───── Provided entries ─────

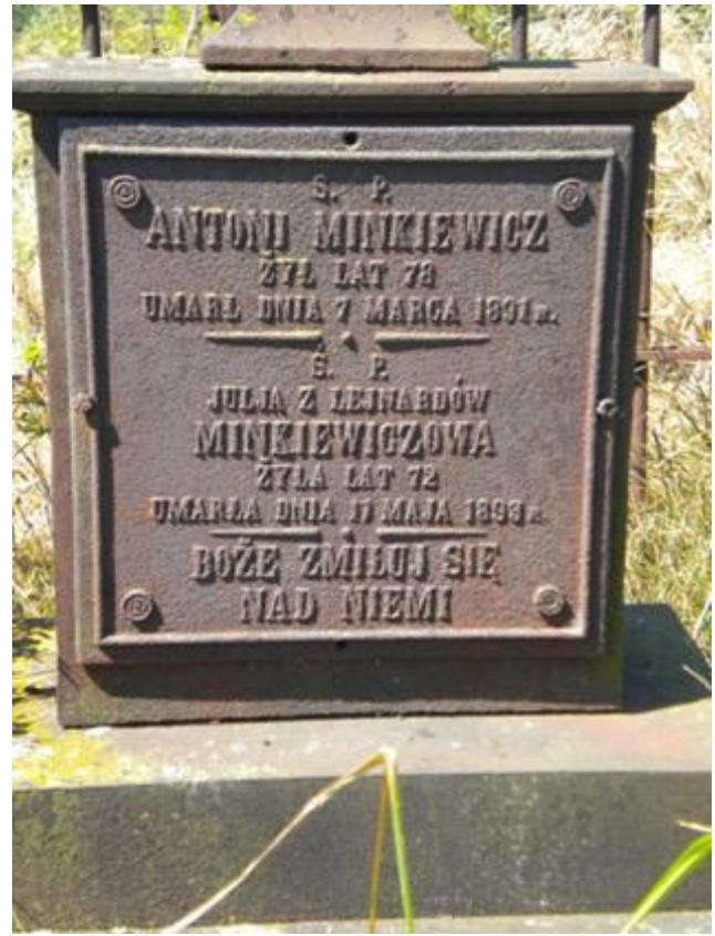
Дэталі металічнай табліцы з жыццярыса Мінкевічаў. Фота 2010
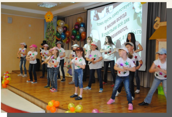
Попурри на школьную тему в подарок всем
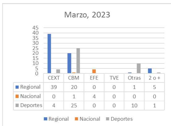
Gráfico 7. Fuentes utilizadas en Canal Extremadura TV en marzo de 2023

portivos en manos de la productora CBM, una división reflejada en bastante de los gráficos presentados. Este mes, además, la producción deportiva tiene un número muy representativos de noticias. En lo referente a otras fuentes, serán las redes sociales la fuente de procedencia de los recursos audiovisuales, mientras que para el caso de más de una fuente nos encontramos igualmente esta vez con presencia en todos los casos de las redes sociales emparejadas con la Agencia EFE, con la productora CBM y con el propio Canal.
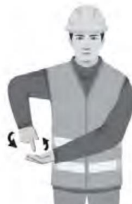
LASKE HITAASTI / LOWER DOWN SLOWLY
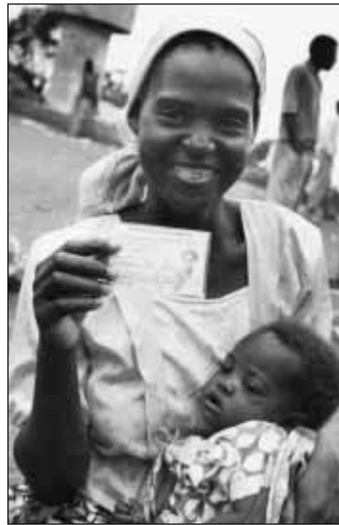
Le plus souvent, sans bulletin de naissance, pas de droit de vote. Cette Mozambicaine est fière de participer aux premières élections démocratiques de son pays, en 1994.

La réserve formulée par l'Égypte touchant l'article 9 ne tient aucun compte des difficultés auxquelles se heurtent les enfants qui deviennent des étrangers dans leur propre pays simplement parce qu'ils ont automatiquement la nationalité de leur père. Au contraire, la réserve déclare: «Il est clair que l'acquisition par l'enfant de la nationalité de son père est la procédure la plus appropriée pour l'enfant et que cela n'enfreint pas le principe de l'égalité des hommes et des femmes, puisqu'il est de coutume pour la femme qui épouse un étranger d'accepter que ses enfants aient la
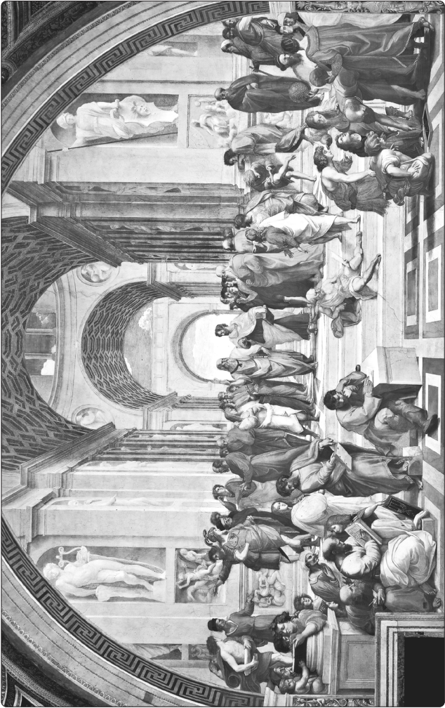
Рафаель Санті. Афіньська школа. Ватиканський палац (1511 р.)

─────

▶ _Your goal_: Could you output the full set of entries exactly, skipping every picture?

▶ _Written response_:
Дэталі металічнай табліцы з жыццярыса Мінкевічаў. Фота 2010
Попурри на школьную тему в подарок всем
Gráfico 7. Fuentes utilizadas en Canal Extremadura TV en marzo de 2023

portivos en manos de la productora CBM, una división reflejada en bastante de los gráficos presentados. Este mes, además, la producción deportiva tiene un número muy representativos de noticias. En lo referente a otras fuentes, serán las redes sociales la fuente de procedencia de los recursos audiovisuales, mientras que para el caso de más de una fuente nos encontramos igualmente esta vez con presencia en todos los casos de las redes sociales emparejadas con la Agencia EFE, con la productora CBM y con el propio Canal.
LASKE HITAASTI / LOWER DOWN SLOWLY
Le plus souvent, sans bulletin de naissance, pas de droit de vote. Cette Mozambicaine est fière de participer aux premières élections démocratiques de son pays, en 1994.

La réserve formulée par l'Égypte touchant l'article 9 ne tient aucun compte des difficultés auxquelles se heurtent les enfants qui deviennent des étrangers dans leur propre pays simplement parce qu'ils ont automatiquement la nationalité de leur père. Au contraire, la réserve déclare: «Il est clair que l'acquisition par l'enfant de la nationalité de son père est la procédure la plus appropriée pour l'enfant et que cela n'enfreint pas le principe de l'égalité des hommes et des femmes, puisqu'il est de coutume pour la femme qui épouse un étranger d'accepter que ses enfants aient la
Рафаель Санті. Афіньська школа. Ватиканський палац (1511 р.)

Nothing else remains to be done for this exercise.